My initial ideas lacked verve. I knew very little about astronomy and did not want to paint something that failed to reference its surroundings, or that referenced them too bluntly. So I took to visiting the Planetarium for their evening shows to develop my understanding of the cosmos, and took membership of the Royal Astronomical Society, pulling texts from their library in the afternoons. During that spell of research at Burlington House, I was exposed to so much inspiring work: rare celestial charts by Andreas Cellarius from the seventeenth century, ornate star maps from Bayer’s Uranometria , and Galileo’s remarkable moon drawings. I found myself compelled by the mythologies that supported these early visions of the stars, making detailed studies of Pegasus, Ophiuchus, Hercules, Orion and other featured characters, thinking I might incorporate them into the mural somehow. In John Flamsteed’s Atlas Coelestis , and all the great celestial atlases of the Georgian era, I found the same constellations appearing as mythical creatures, symbolic animals (the serpent, the eagle, the owl), and objects of war (the shield, the spear, the bow and arrow). It seemed strange to me that such precise works of science could be cloaked in so much allegory.

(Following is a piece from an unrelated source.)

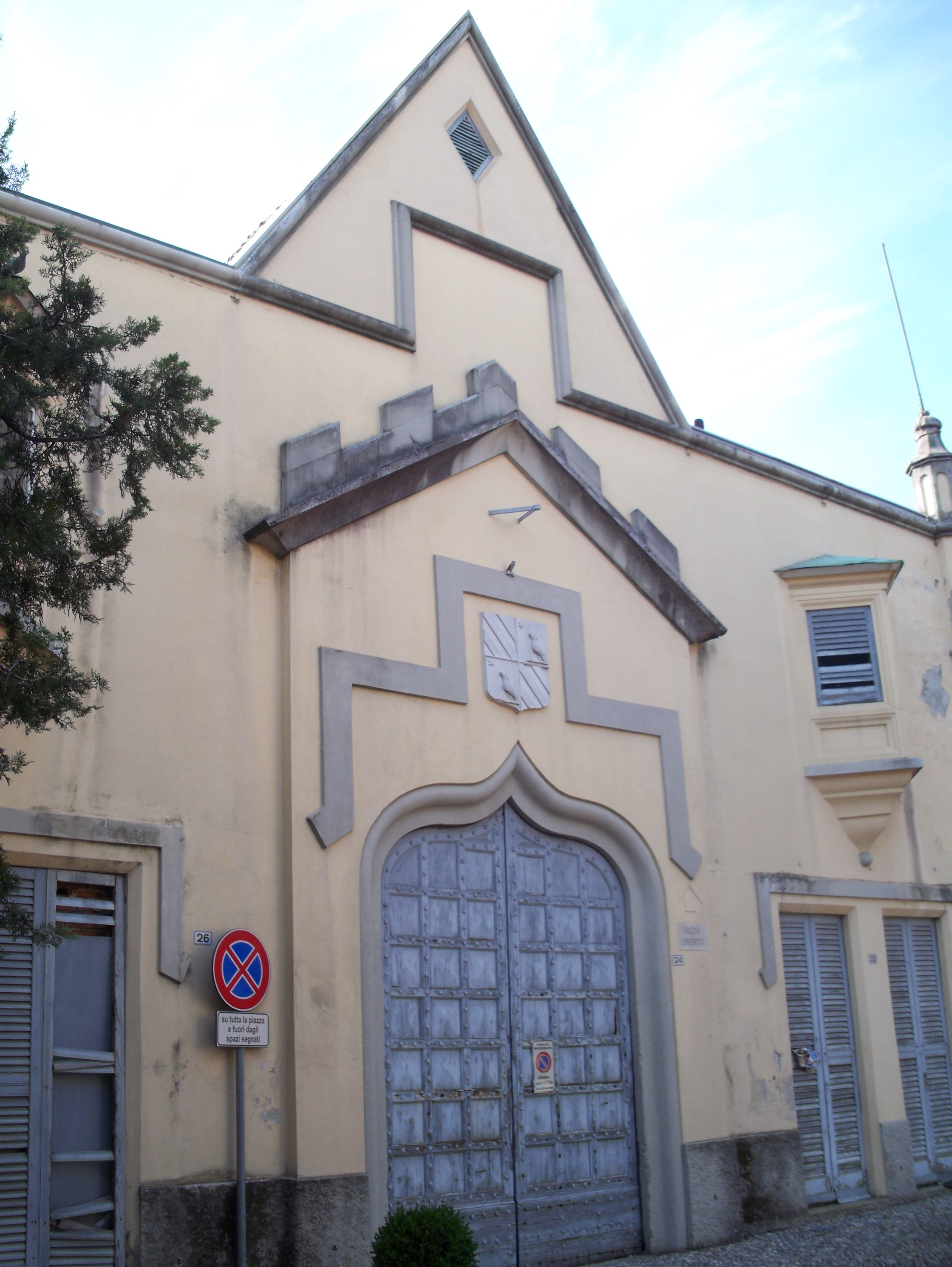 Villa Casana, Novedrate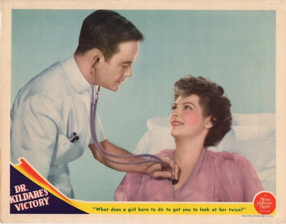 Lobby card for the American drama film Dr. Kildare's Victory (1942) with Lew Ayres and Ann Ayars.

I kept returning to one particular atlas. The archivist said it was compiled by a schoolteacher called Alexander Jamieson in 1822. ‘Another great Scot,’ I said, but he did not answer me. These celestial charts of Jamieson’s were just as meticulous as the others, but the renditions of the animal forms — Cygnus, Leo, and Aries, especially — were better expressed and proportioned. I was taken with the thought of reimagining a section of his atlas in my mural. For a few days, I developed sketches from Jamieson’s originals, depicting Centaurus — half man, half horse — skewering the constellation of Lupus, the wolf, with a spear. Each figure was badged with tiny stars, showing the framework of the constellations. But something about this concept failed to convince me. It addressed the subject too directly. The image was too oppressive for the space. I abandoned it.